▶ ABOUT THIS TASK
I'd like every entry transcribed word for word, with no pictures.

▶ SOURCE DATA
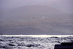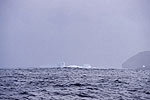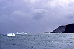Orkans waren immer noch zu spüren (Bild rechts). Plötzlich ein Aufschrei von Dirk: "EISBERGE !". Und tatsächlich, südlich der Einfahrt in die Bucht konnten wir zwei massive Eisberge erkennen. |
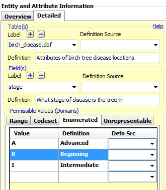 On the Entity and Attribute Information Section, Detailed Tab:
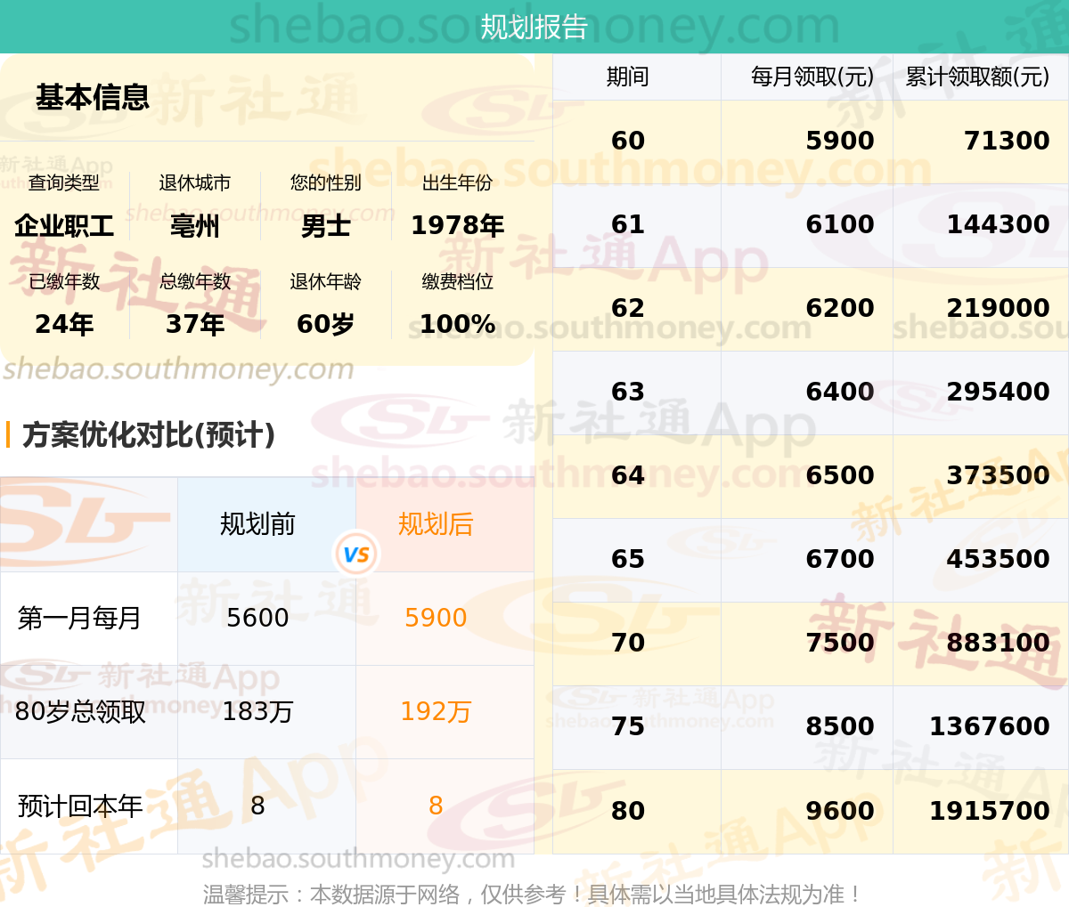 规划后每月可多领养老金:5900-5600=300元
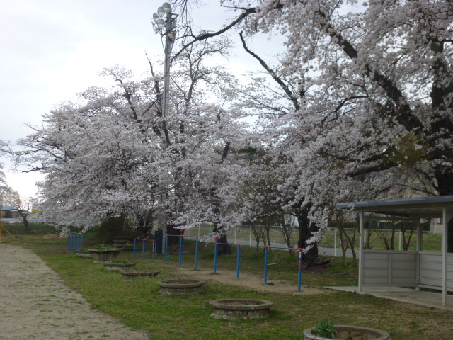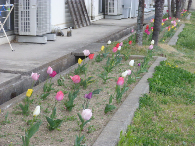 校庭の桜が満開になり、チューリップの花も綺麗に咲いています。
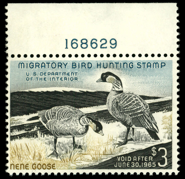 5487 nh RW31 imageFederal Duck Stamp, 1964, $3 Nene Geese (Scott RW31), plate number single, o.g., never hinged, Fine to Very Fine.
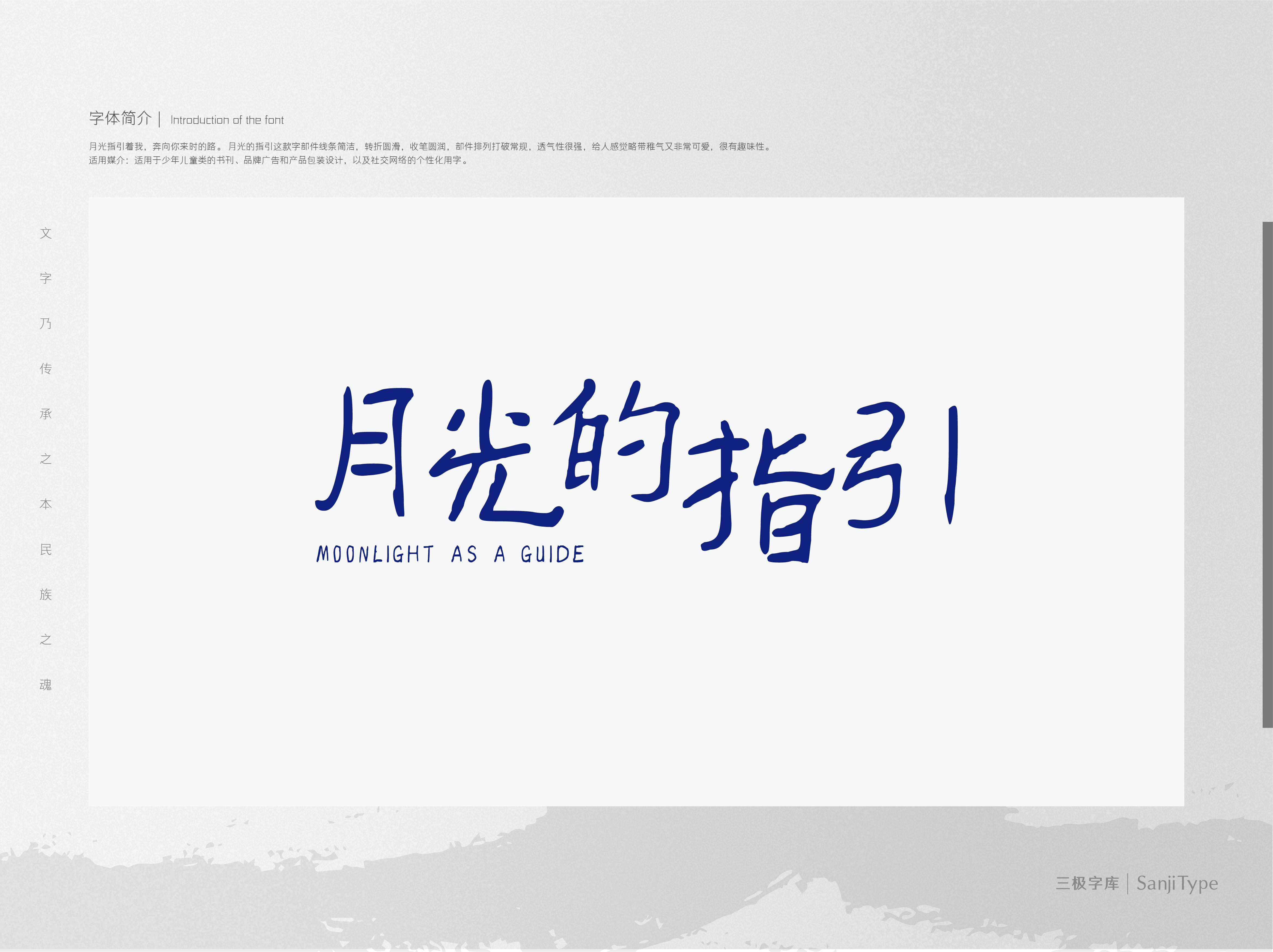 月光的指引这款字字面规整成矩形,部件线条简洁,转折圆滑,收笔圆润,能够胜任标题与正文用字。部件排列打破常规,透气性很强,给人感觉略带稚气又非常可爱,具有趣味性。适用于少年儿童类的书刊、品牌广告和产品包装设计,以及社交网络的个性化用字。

▶ REPLY TO THE EXERCISE
Orkans waren immer noch zu spüren (Bild rechts). Plötzlich ein Aufschrei von Dirk: "EISBERGE !". Und tatsächlich, südlich der Einfahrt in die Bucht konnten wir zwei massive Eisberge erkennen. |
 On the Entity and Attribute Information Section, Detailed Tab:
 规划后每月可多领养老金:5900-5600=300元
 校庭の桜が満開になり、チューリップの花も綺麗に咲いています。
 5487 nh RW31 imageFederal Duck Stamp, 1964, $3 Nene Geese (Scott RW31), plate number single, o.g., never hinged, Fine to Very Fine.
 月光的指引这款字字面规整成矩形,部件线条简洁,转折圆滑,收笔圆润,能够胜任标题与正文用字。部件排列打破常规,透气性很强,给人感觉略带稚气又非常可爱,具有趣味性。适用于少年儿童类的书刊、品牌广告和产品包装设计,以及社交网络的个性化用字。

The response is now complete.